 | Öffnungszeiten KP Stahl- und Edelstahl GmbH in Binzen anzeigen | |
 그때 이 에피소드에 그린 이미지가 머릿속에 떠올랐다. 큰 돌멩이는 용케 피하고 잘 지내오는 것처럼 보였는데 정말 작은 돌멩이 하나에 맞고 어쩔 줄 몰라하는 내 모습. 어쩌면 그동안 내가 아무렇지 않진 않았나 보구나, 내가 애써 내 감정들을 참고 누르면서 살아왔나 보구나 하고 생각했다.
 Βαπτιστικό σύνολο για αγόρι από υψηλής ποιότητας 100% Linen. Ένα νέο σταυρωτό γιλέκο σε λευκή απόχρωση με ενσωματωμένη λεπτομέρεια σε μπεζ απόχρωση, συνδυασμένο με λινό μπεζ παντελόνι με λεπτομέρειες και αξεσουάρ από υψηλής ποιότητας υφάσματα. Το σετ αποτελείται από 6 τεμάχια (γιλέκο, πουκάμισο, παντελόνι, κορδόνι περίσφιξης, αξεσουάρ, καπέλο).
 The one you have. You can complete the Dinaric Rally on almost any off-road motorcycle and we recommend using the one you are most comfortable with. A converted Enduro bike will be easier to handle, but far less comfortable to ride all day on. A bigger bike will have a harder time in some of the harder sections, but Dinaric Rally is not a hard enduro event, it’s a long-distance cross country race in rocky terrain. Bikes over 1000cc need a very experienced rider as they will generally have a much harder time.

——————————

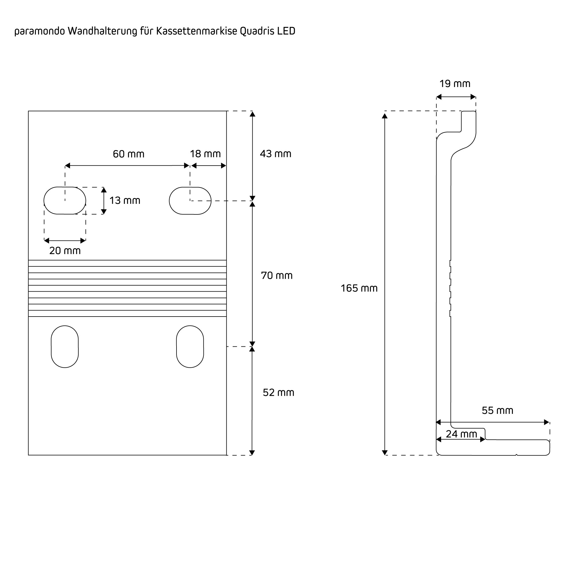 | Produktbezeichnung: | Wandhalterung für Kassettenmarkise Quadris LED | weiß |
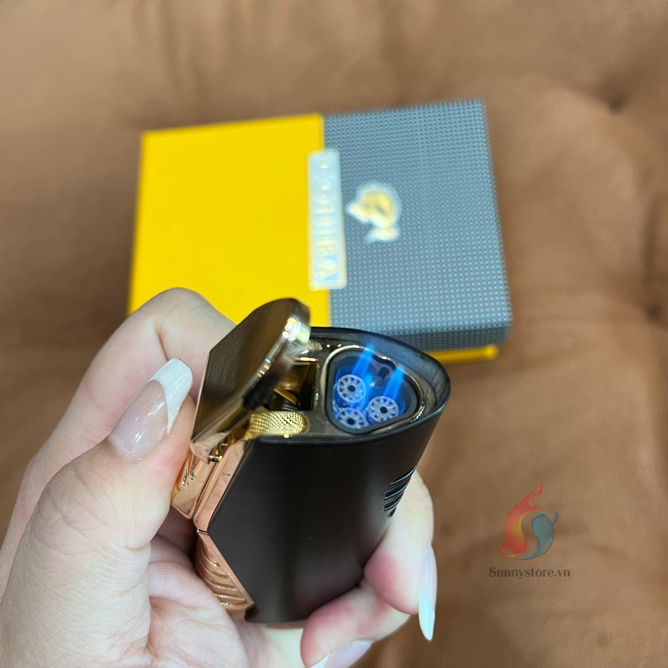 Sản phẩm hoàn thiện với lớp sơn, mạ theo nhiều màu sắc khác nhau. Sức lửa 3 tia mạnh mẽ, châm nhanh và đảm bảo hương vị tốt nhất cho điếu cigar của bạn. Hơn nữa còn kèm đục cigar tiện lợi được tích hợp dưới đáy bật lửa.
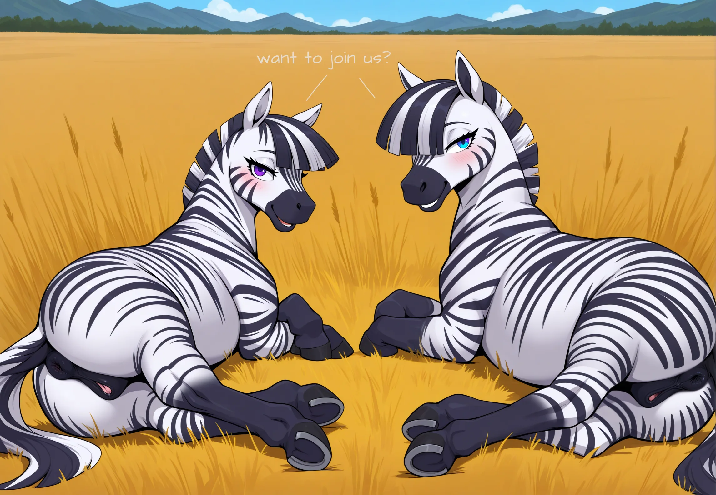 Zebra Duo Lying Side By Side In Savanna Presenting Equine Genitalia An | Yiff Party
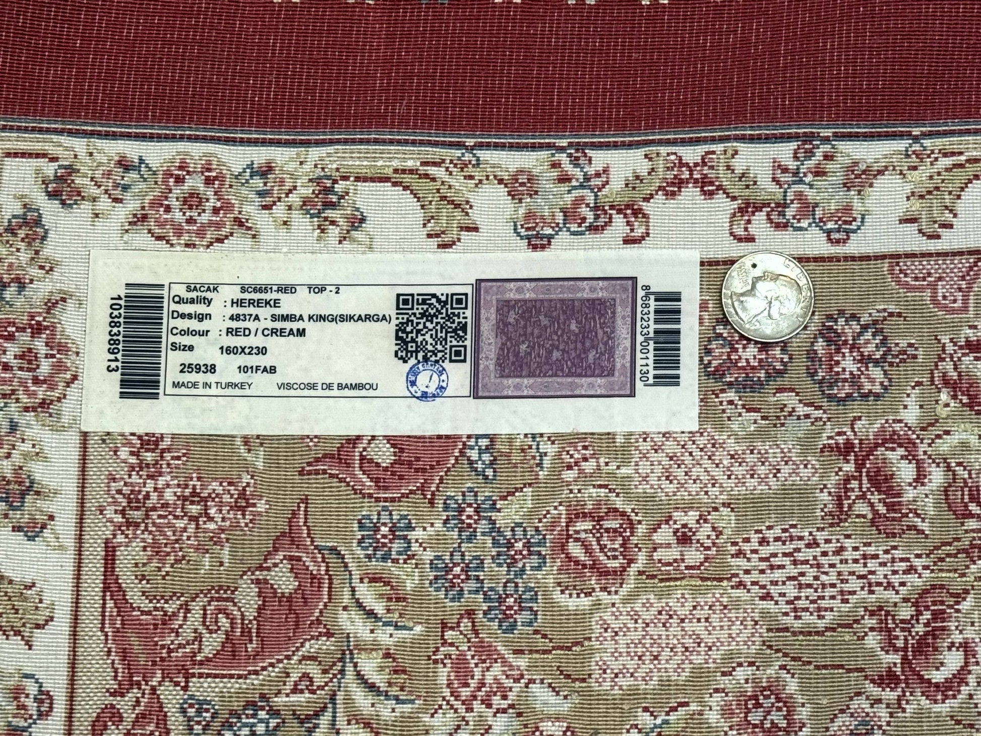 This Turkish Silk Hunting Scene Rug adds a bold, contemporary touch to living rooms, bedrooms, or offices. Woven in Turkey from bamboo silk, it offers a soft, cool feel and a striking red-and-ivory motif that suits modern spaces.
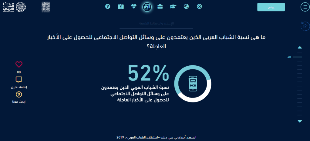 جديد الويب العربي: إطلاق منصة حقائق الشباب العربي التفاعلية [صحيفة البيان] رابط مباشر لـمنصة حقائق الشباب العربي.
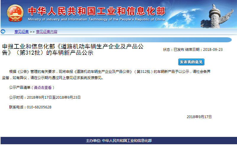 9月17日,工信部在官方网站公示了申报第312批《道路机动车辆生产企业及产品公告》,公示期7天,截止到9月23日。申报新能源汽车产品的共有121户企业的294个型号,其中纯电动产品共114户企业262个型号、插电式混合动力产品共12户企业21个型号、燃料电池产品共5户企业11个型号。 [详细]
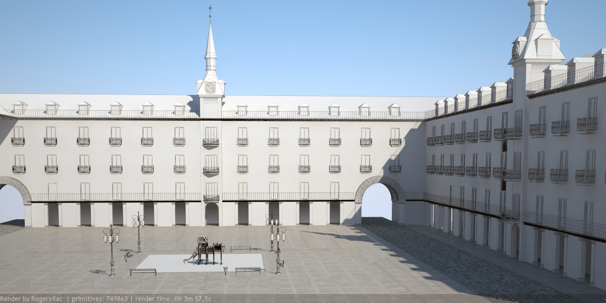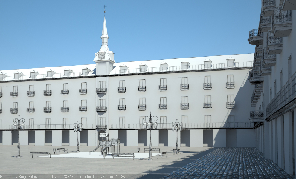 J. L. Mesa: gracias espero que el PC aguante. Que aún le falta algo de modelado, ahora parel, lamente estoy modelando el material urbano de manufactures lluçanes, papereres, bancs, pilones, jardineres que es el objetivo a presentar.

——————————

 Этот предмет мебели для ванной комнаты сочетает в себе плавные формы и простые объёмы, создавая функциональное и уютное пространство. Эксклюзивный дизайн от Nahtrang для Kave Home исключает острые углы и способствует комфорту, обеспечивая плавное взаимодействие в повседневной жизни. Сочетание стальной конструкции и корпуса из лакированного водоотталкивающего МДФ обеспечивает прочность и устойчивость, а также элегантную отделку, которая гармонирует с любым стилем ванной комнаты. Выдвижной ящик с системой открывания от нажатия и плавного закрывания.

——————————

## Work request
Above are records; write out the lines from the one with "This Turkish Silk" down to the one with "جديد الويب العربي: إطلاق", exactly, leaving the pictures out.

## Result of this task
 This Turkish Silk Hunting Scene Rug adds a bold, contemporary touch to living rooms, bedrooms, or offices. Woven in Turkey from bamboo silk, it offers a soft, cool feel and a striking red-and-ivory motif that suits modern spaces.
 جديد الويب العربي: إطلاق منصة حقائق الشباب العربي التفاعلية [صحيفة البيان] رابط مباشر لـمنصة حقائق الشباب العربي.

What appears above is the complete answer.